[Source material — start]

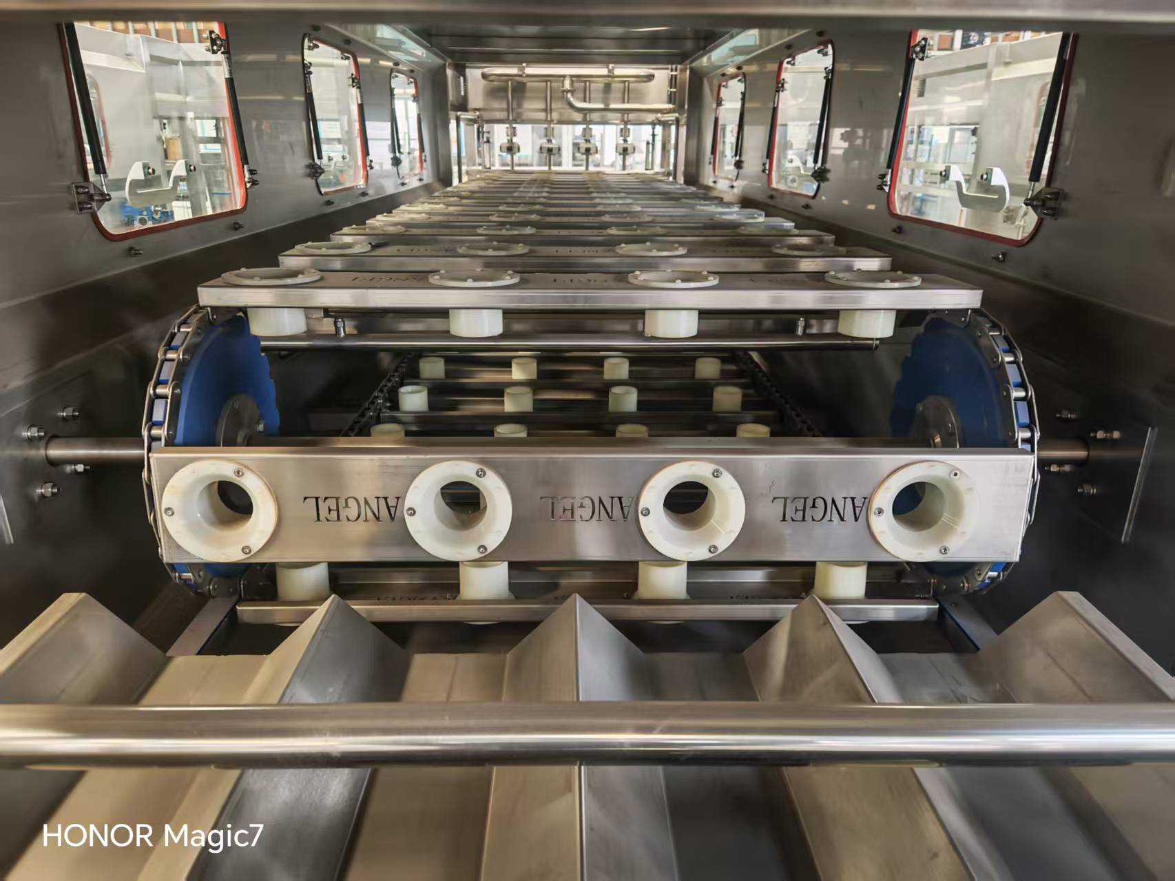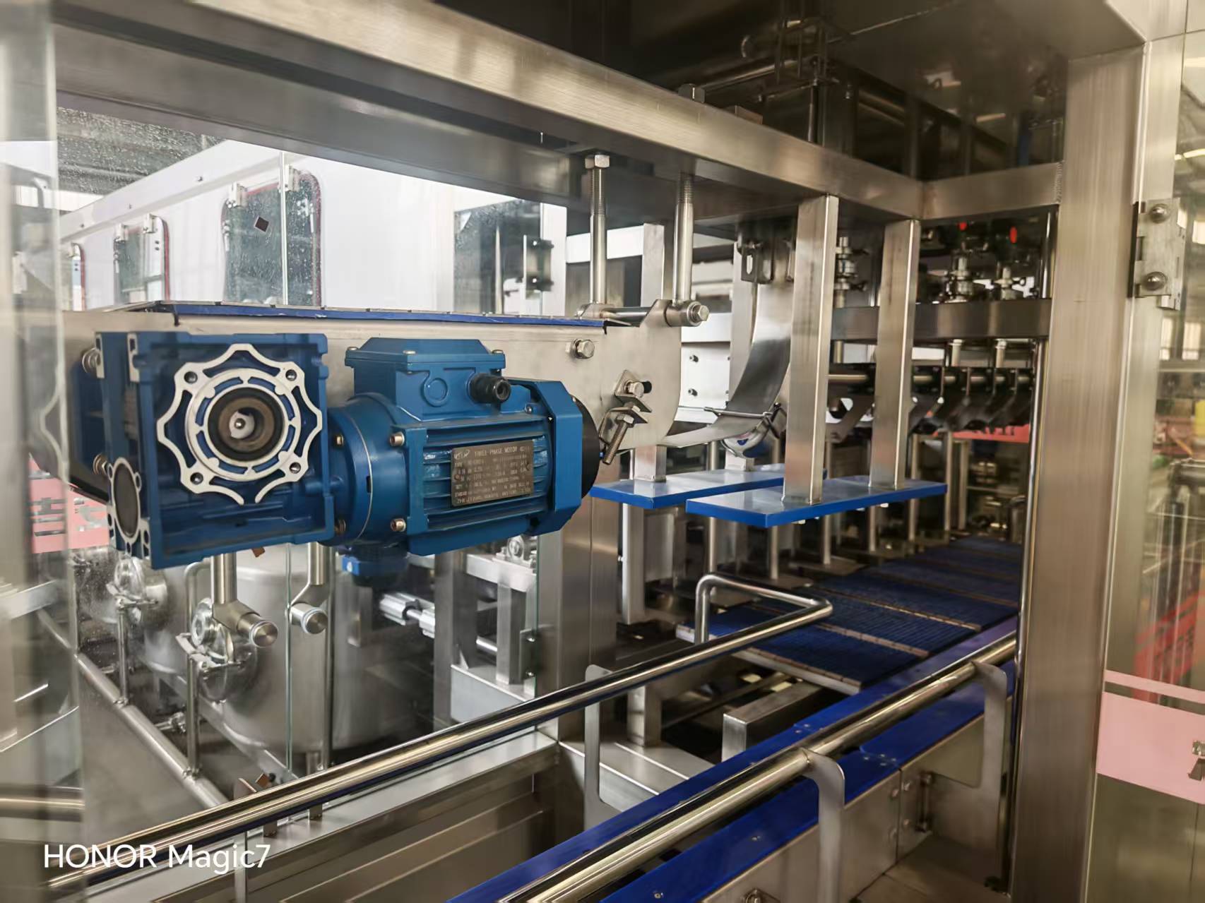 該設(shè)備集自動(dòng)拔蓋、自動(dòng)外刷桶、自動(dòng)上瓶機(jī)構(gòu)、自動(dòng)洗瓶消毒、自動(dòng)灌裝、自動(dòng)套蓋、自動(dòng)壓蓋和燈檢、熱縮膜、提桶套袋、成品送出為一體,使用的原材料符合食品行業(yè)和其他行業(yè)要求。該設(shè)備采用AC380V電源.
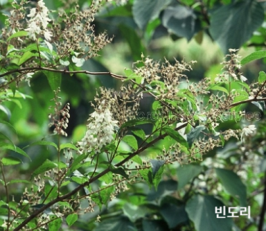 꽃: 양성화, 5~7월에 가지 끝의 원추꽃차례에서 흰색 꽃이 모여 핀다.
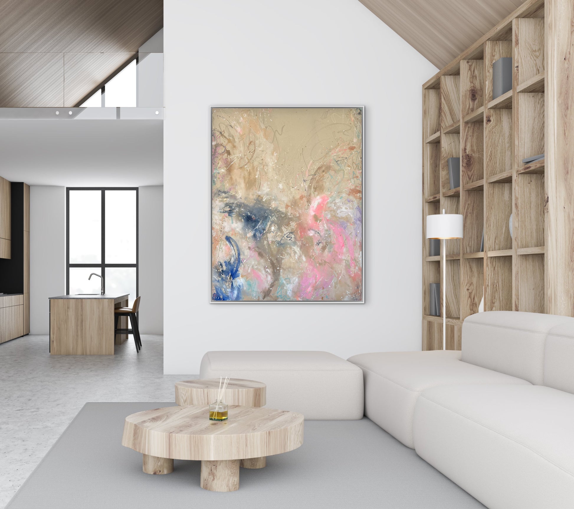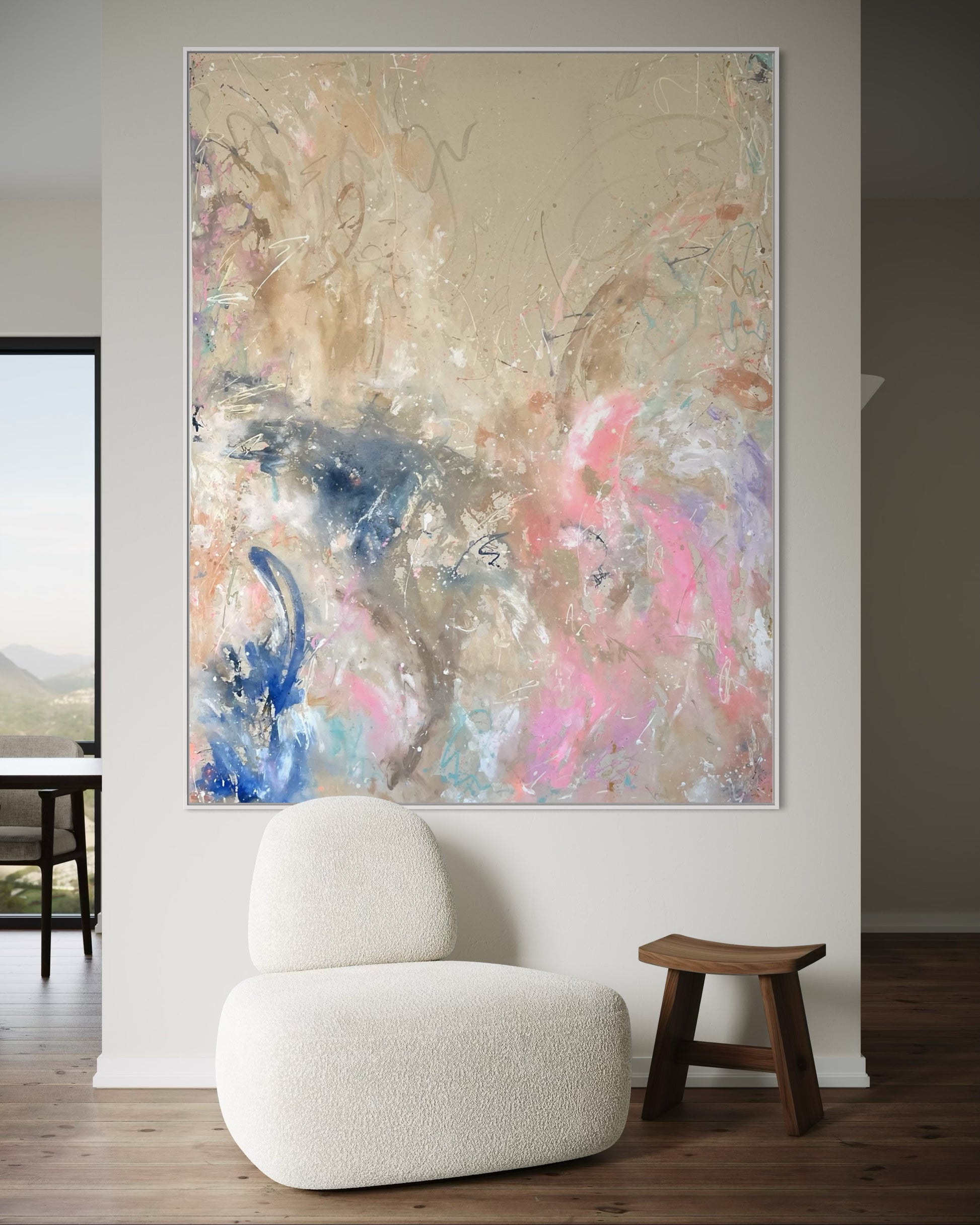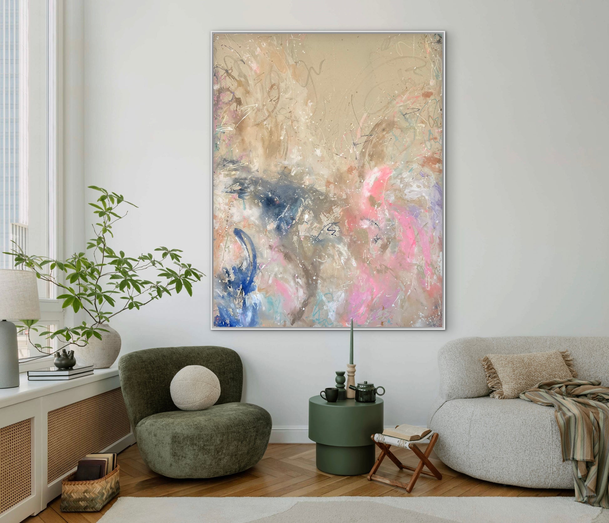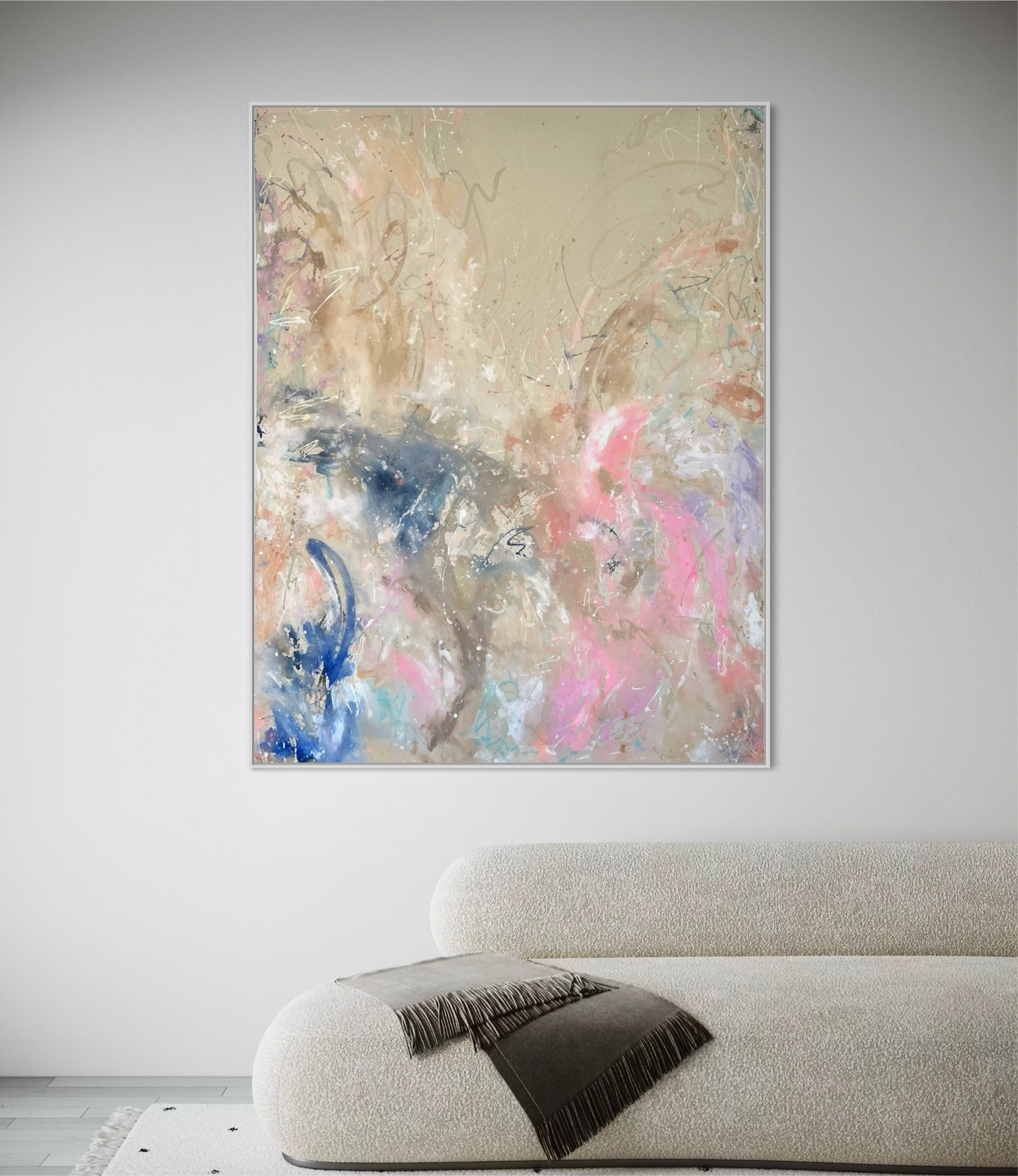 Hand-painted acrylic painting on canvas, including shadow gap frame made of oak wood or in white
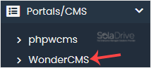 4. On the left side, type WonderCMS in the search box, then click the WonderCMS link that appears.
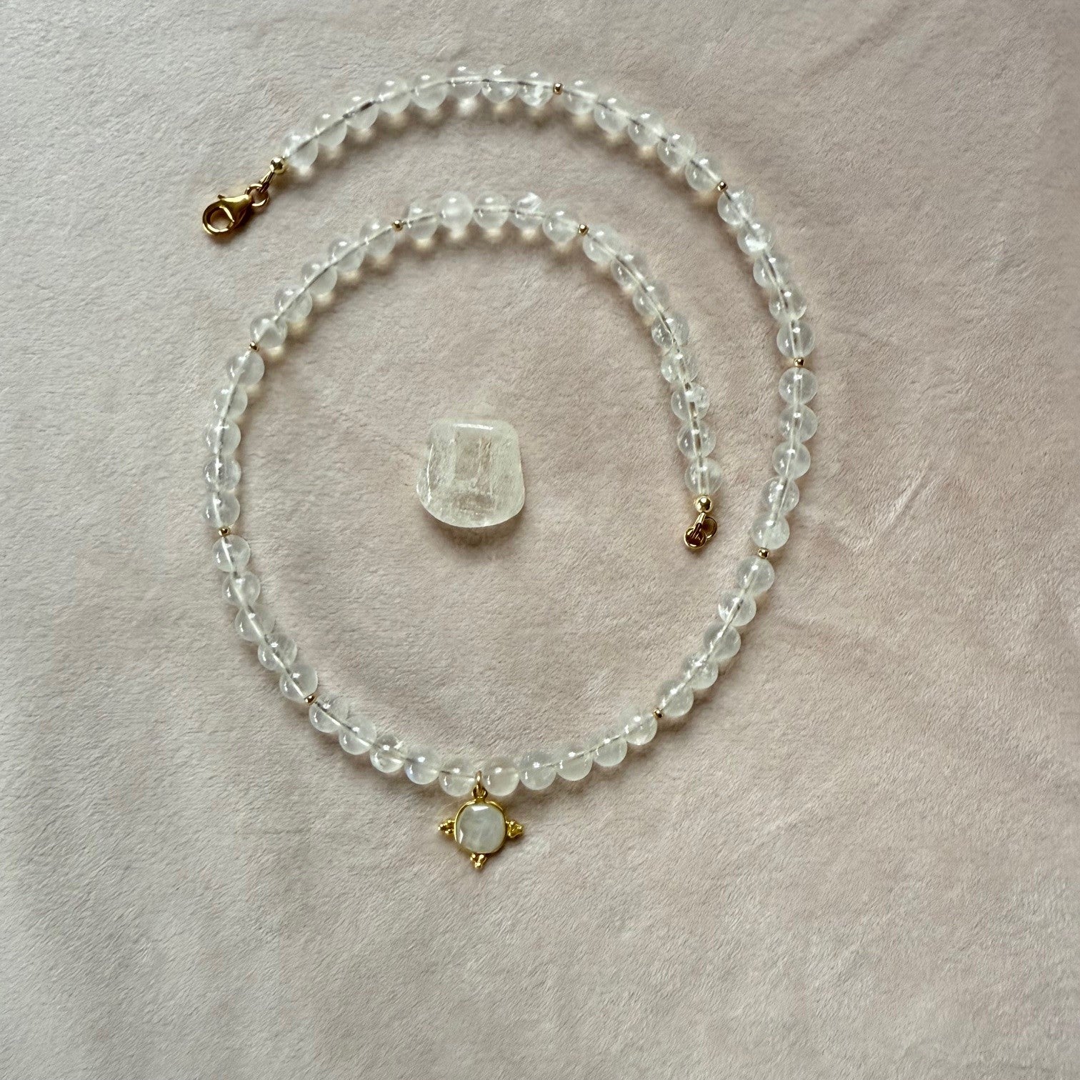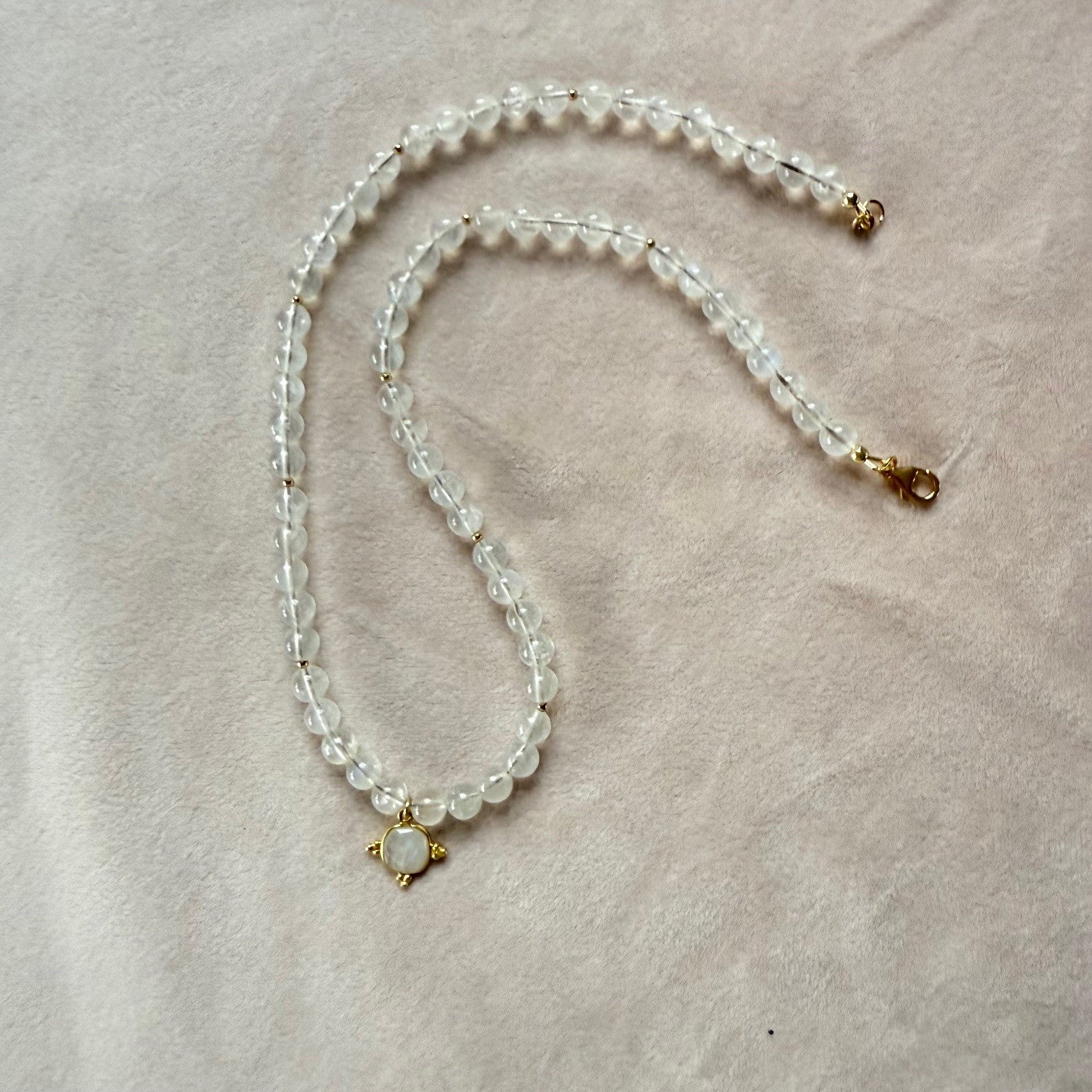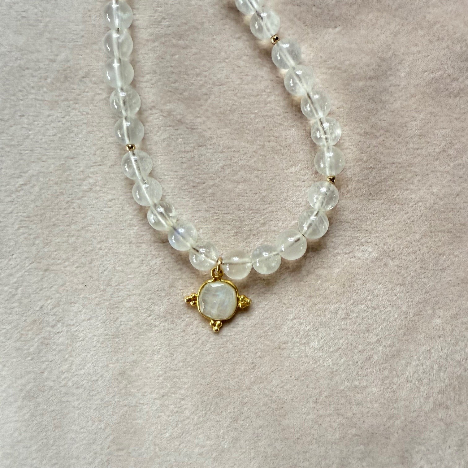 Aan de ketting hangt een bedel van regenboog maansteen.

[Source material — finish]

▶ **Task instructions**
Everything in the records above must be restated verbatim, save for the pictures.

▶ **Response box**
 該設(shè)備集自動(dòng)拔蓋、自動(dòng)外刷桶、自動(dòng)上瓶機(jī)構(gòu)、自動(dòng)洗瓶消毒、自動(dòng)灌裝、自動(dòng)套蓋、自動(dòng)壓蓋和燈檢、熱縮膜、提桶套袋、成品送出為一體,使用的原材料符合食品行業(yè)和其他行業(yè)要求。該設(shè)備采用AC380V電源.
 꽃: 양성화, 5~7월에 가지 끝의 원추꽃차례에서 흰색 꽃이 모여 핀다.
 Hand-painted acrylic painting on canvas, including shadow gap frame made of oak wood or in white
 4. On the left side, type WonderCMS in the search box, then click the WonderCMS link that appears.
 Aan de ketting hangt een bedel van regenboog maansteen.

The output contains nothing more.